-- Opening Marker --

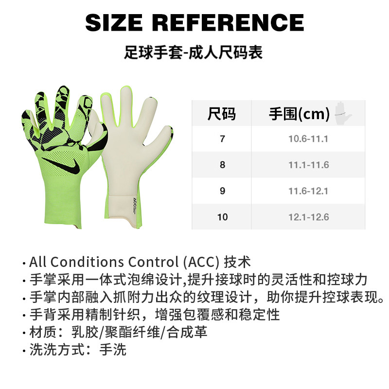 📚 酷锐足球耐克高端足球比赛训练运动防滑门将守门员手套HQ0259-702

-- Closing Marker --
-- Opening Marker --

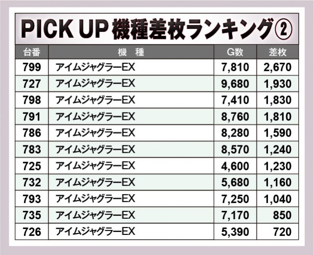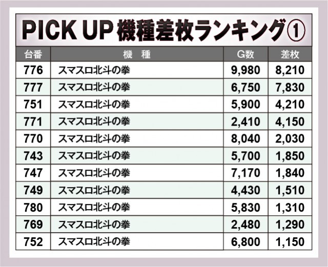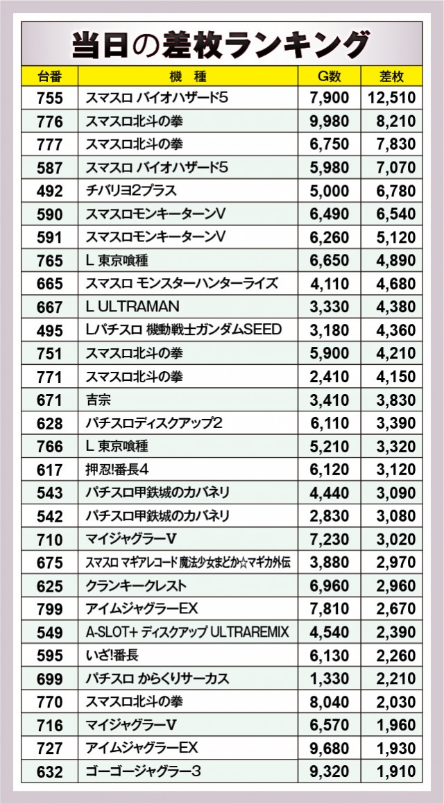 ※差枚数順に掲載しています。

-- Closing Marker --
-- Opening Marker --

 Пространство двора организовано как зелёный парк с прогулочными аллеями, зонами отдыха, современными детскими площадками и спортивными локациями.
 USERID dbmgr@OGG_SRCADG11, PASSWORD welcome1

-- Closing Marker --

DESCRIPTION OF THE TASK: All lines above from the one containing "Пространство двора организовано" to the one containing "USERID dbmgr@OGG_SRCADG11, PASSWORD welcome1" must be repeated exactly, both lines included, and no others.

SOLUTION TO THE PROBLEM:
 Пространство двора организовано как зелёный парк с прогулочными аллеями, зонами отдыха, современными детскими площадками и спортивными локациями.
 USERID dbmgr@OGG_SRCADG11, PASSWORD welcome1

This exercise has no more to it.